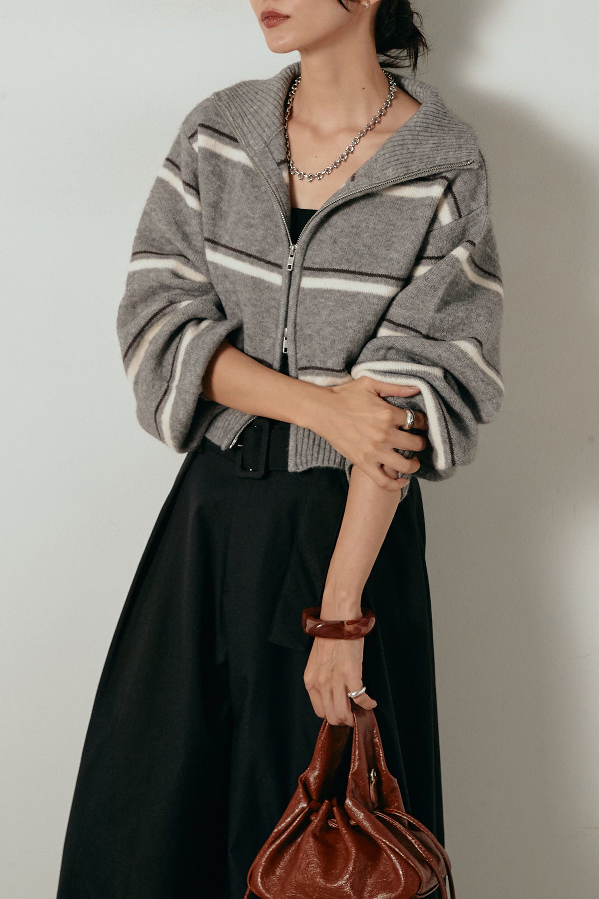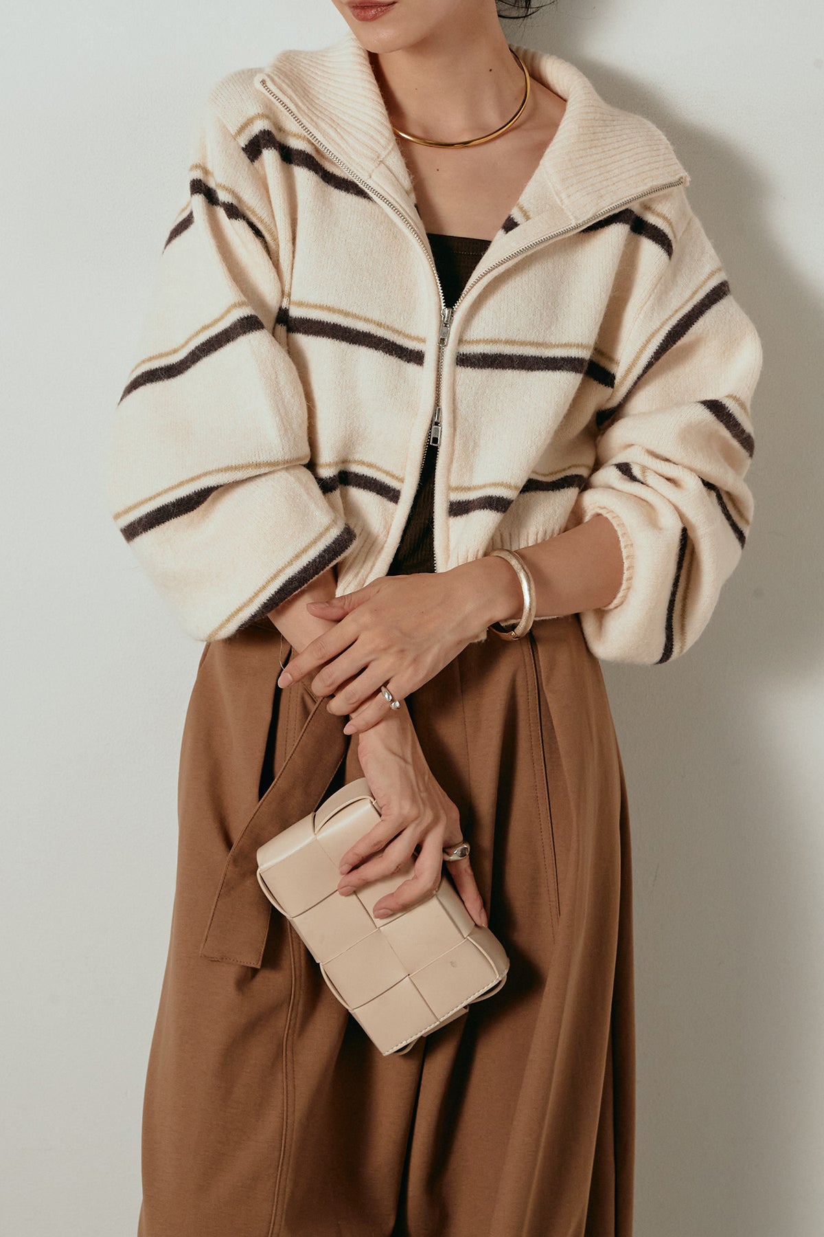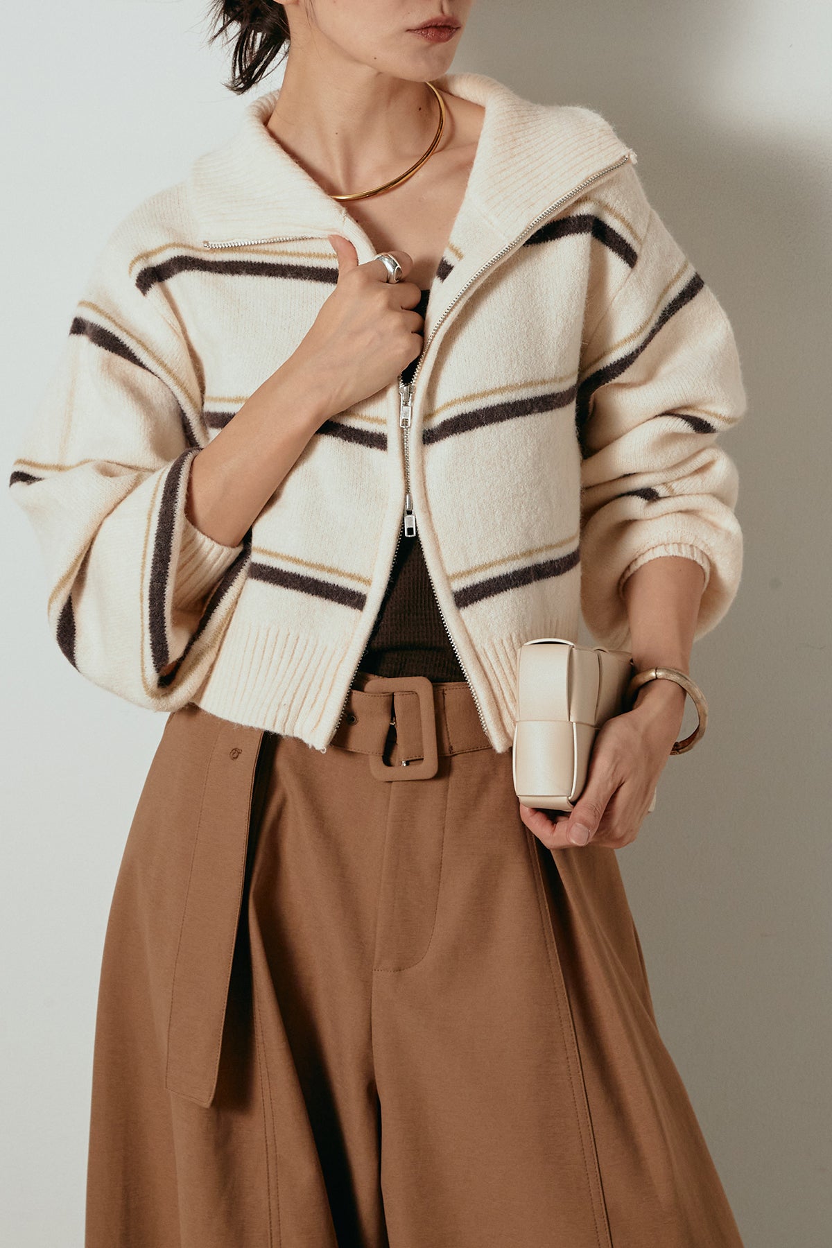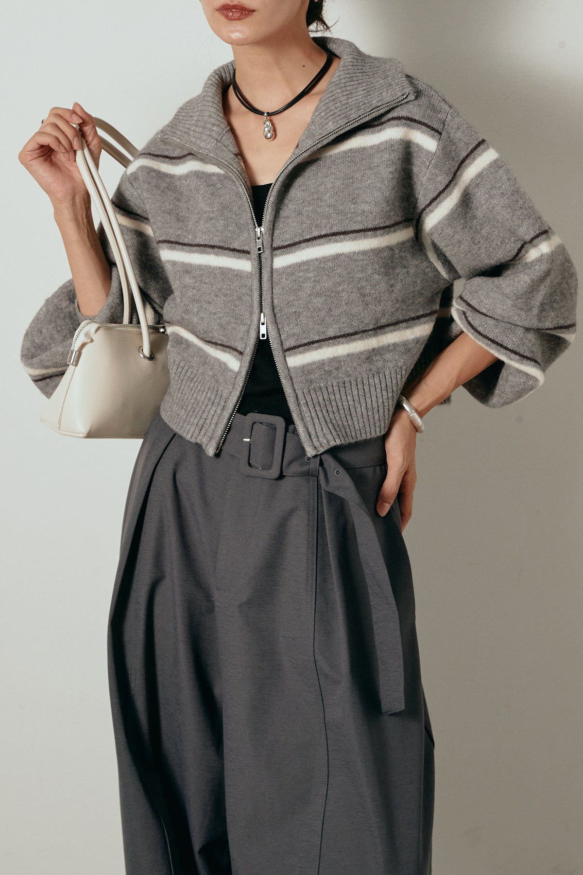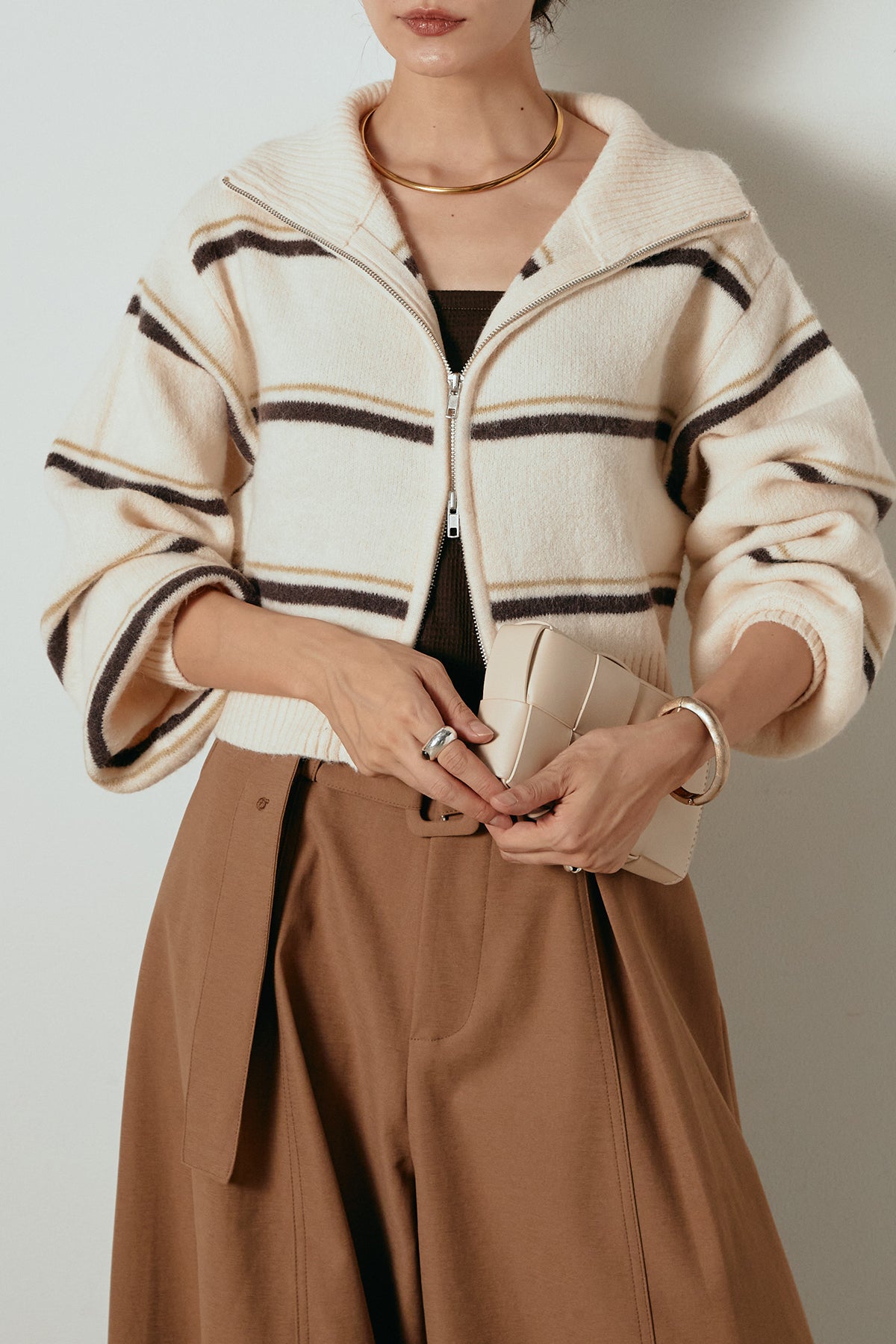 柔らかなアルパカタッチ素材で仕上げたボーダーブルゾン。ダブルジップ仕様でシルエットに変化をつけられ、気分やスタイルに合わせた着こなしが楽しめます。コンパクトな丈感がバランスを取りやすく、デイリーからトレンド感のあるスタイリングまで幅広く活躍する一枚です。
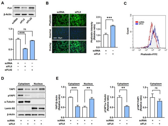 FLII knockdown induced the accumulation of F-actin and nuclear YAP1. C2C12 cells were transfected with 200 nM FLII siRNA (siFLII or siFLII2) or control (scRNA) for 24 h. (A) FLII protein levels were determined via immunoblotting. (B) Immunostaining was performed using F-actin (FITC-Phalloidin, green) and Hoechst 33342 (blue, a nuclear stain). Scale bar: 25 μm. Phalloidin intensities were quantified using ImageJ software 1.54f. (C) Determination of F-actin contents in FITC-phalloidin stained cells via flow cytometry. (D,E) YAP1 and phosphor-YAP1 (pYAP1) immunoblots were analyzed in the cytoplasmic and nuclear fractions. α-Tubulin and Lamin B were used as cytoplasmic and nuclear fraction markers, respectively. Results are relative ratios versus Lamin B or α-Tubulin and are presented as means ± SEMs (n > 3). Statistical significances are represented by **, p < 0.01 or ***, p < 0.001 vs. scRNA controls. ns: no significance.
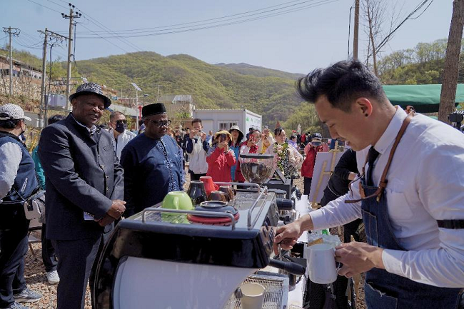 现场还有咖啡拉花师的精彩表演,人们在依山傍野的山东庄镇现场体验到制作咖啡、品尝咖啡以及学习咖啡知识的乐趣,开启了一场咖啡与娱乐融合的乡村旅游。
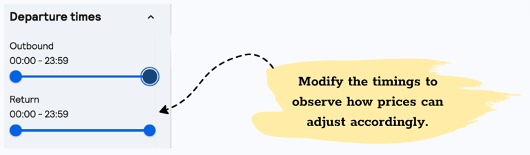 Use the departure times filter to compare prices, as price costs can vary depending on the time. If you have a specific time to reach your destination, this filter is helpful in estimating your flight expenses. Otherwise, feel free to explore different time options.
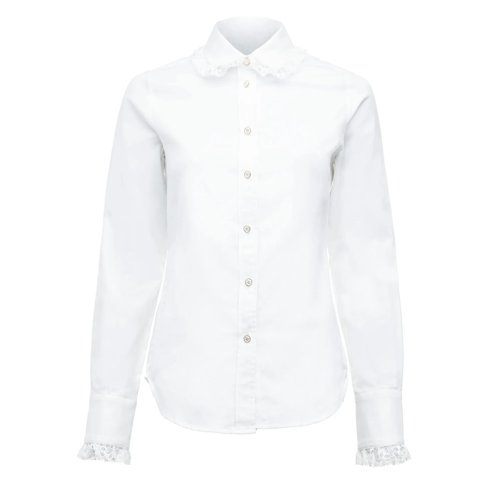 The Holland Cooper Rose Shirt features that feminine lace look, pretty and vibrant. Made from beautifully soft cotton the lace trims are perfect as an addition with the HC embroidery to the cuff, and enamel and gold buttons to finish the look.
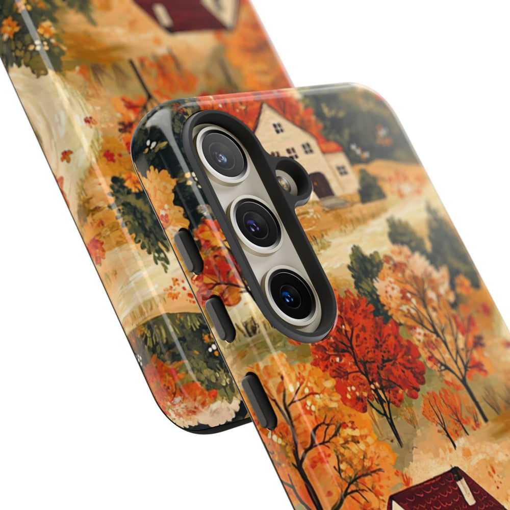 Dit ontwerp toont een sfeervol herfstlandschap met twee witte huizen, omringd door kleurrijke herfstbladeren. De bomen hebben bladeren in warme tinten oranje, rood, geel en groen, wat zorgt voor een gezellige en uitnodigende uitstraling. Kronkelende paadjes lopen door het tafereel en geven diepte en dynamiek aan het geheel. De afbeelding is gedrukt op een glanzend, stevig hoesje met een polycarbonaat buitenkant en een TPU binnenlaag, voor optimale bescherming en ondersteuning van draadloos opladen. De stijl is schilderachtig en gedetailleerd en vangt de sfeer van de herfst perfect.
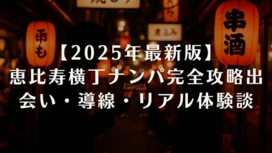 出会い 【2025年最新版】恵比寿横丁ナンパ完全攻略ガイド|出会い・導線・リアル体験談 恵比寿横丁で出会いを掴みたい20代社会人向けに、営業時間・混雑時間・おすすめの座席・声かけフレーズ・二次会導線までリアル体験ベースで解説します。 2025.11.27 出会い
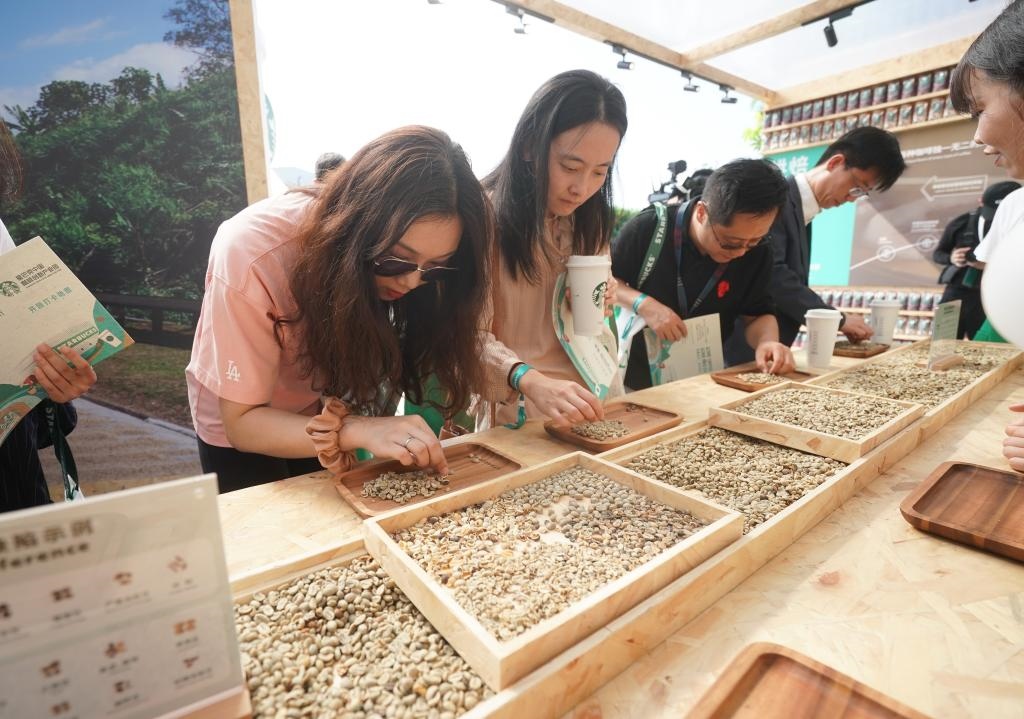 9月19日,在星巴克中國咖啡創(chuàng)新產業(yè)園開園儀式現場,來賓在體驗挑揀咖啡生豆。當日,星巴克中國咖啡創(chuàng)新產業(yè)園在江蘇昆山落成投產。
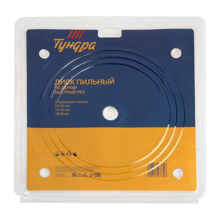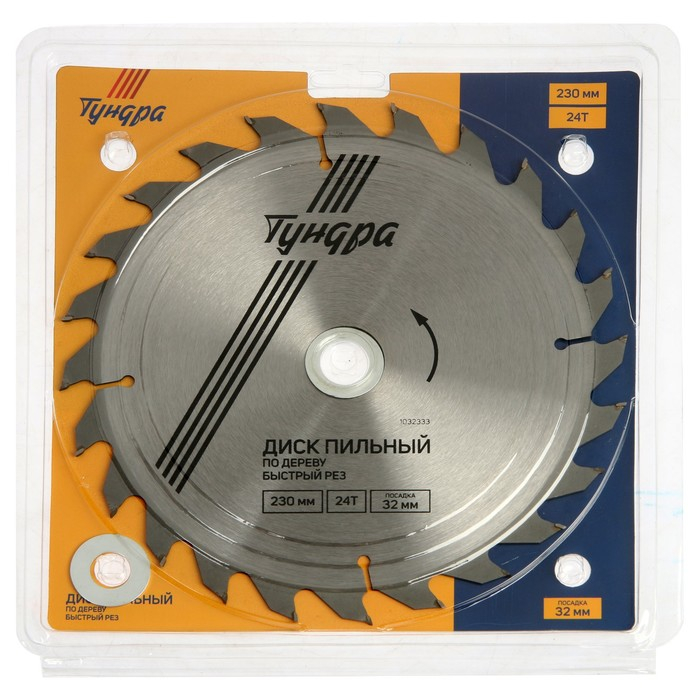 Диск пильный по дереву ТУНДРА, быстрый рез, 230 х 32 мм (кольца на 22,20,16), 24 зуба
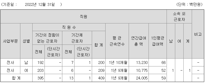 | 사업부문 | 성별 | 직원수 | 평균근속연수 | 평균연봉(백만) |
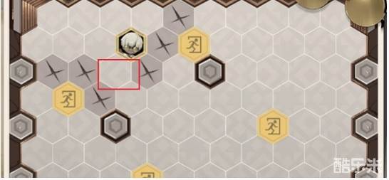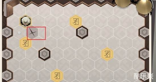 1、首先堵住左侧出口右上方的位置,恩基移动后点击第三行的第一个格子。
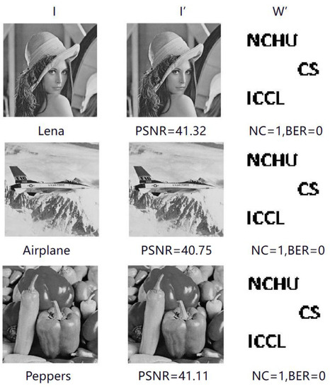 The I, I′, and W′ in Figure 7 represent the original image, watermark image, extracted binary watermark, and corresponding PSNR, NC, and BER, respectively. It indicates that the watermark can be extracted losslessly without attack.

WHAT TO DO -
Only the lines from the first line of the entries through the line containing "Use the departure" should be output, exactly as they are, without pictures.

COMPLETED EXERCISE -
 柔らかなアルパカタッチ素材で仕上げたボーダーブルゾン。ダブルジップ仕様でシルエットに変化をつけられ、気分やスタイルに合わせた着こなしが楽しめます。コンパクトな丈感がバランスを取りやすく、デイリーからトレンド感のあるスタイリングまで幅広く活躍する一枚です。
 FLII knockdown induced the accumulation of F-actin and nuclear YAP1. C2C12 cells were transfected with 200 nM FLII siRNA (siFLII or siFLII2) or control (scRNA) for 24 h. (A) FLII protein levels were determined via immunoblotting. (B) Immunostaining was performed using F-actin (FITC-Phalloidin, green) and Hoechst 33342 (blue, a nuclear stain). Scale bar: 25 μm. Phalloidin intensities were quantified using ImageJ software 1.54f. (C) Determination of F-actin contents in FITC-phalloidin stained cells via flow cytometry. (D,E) YAP1 and phosphor-YAP1 (pYAP1) immunoblots were analyzed in the cytoplasmic and nuclear fractions. α-Tubulin and Lamin B were used as cytoplasmic and nuclear fraction markers, respectively. Results are relative ratios versus Lamin B or α-Tubulin and are presented as means ± SEMs (n > 3). Statistical significances are represented by **, p < 0.01 or ***, p < 0.001 vs. scRNA controls. ns: no significance.
 现场还有咖啡拉花师的精彩表演,人们在依山傍野的山东庄镇现场体验到制作咖啡、品尝咖啡以及学习咖啡知识的乐趣,开启了一场咖啡与娱乐融合的乡村旅游。
 Use the departure times filter to compare prices, as price costs can vary depending on the time. If you have a specific time to reach your destination, this filter is helpful in estimating your flight expenses. Otherwise, feel free to explore different time options.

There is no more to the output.